Start of Supplied records

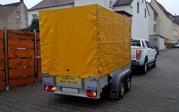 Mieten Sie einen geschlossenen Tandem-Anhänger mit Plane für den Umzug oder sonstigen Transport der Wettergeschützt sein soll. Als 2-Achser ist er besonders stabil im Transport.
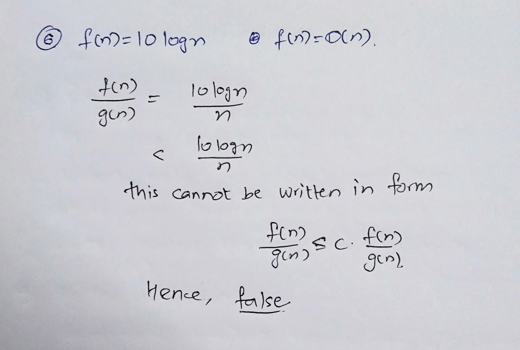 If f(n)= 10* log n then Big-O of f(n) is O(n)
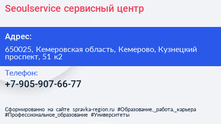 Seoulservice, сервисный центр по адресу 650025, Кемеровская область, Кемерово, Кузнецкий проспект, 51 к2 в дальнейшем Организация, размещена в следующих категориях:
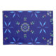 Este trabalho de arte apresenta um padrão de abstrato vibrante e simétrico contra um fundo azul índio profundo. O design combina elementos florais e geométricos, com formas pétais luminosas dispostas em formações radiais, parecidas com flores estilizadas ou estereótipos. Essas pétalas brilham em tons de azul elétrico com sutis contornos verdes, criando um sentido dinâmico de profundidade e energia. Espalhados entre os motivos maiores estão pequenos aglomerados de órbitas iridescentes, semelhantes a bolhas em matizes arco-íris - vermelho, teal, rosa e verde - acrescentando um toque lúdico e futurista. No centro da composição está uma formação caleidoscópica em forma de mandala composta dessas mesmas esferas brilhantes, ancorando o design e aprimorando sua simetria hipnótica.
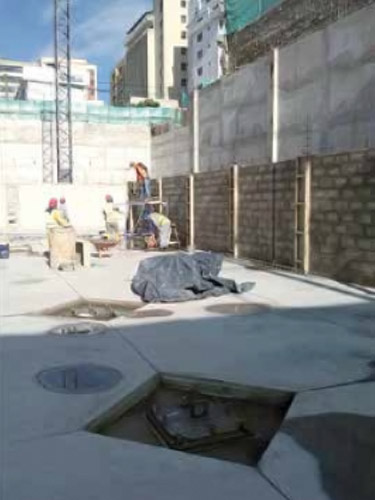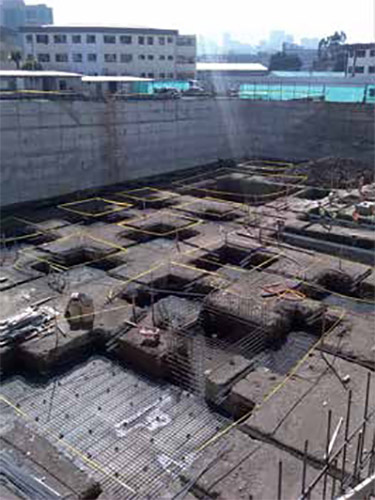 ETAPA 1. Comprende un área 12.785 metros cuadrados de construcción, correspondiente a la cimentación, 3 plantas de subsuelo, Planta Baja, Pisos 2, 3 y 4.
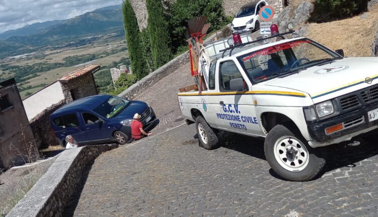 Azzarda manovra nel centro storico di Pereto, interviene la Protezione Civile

End of Supplied records

# Task goal:
Verbatim, write out the line containing "ETAPA 1. Comprende" and all later lines through the end of the records, leaving every picture out.

# Answer space:
 ETAPA 1. Comprende un área 12.785 metros cuadrados de construcción, correspondiente a la cimentación, 3 plantas de subsuelo, Planta Baja, Pisos 2, 3 y 4.
 Azzarda manovra nel centro storico di Pereto, interviene la Protezione Civile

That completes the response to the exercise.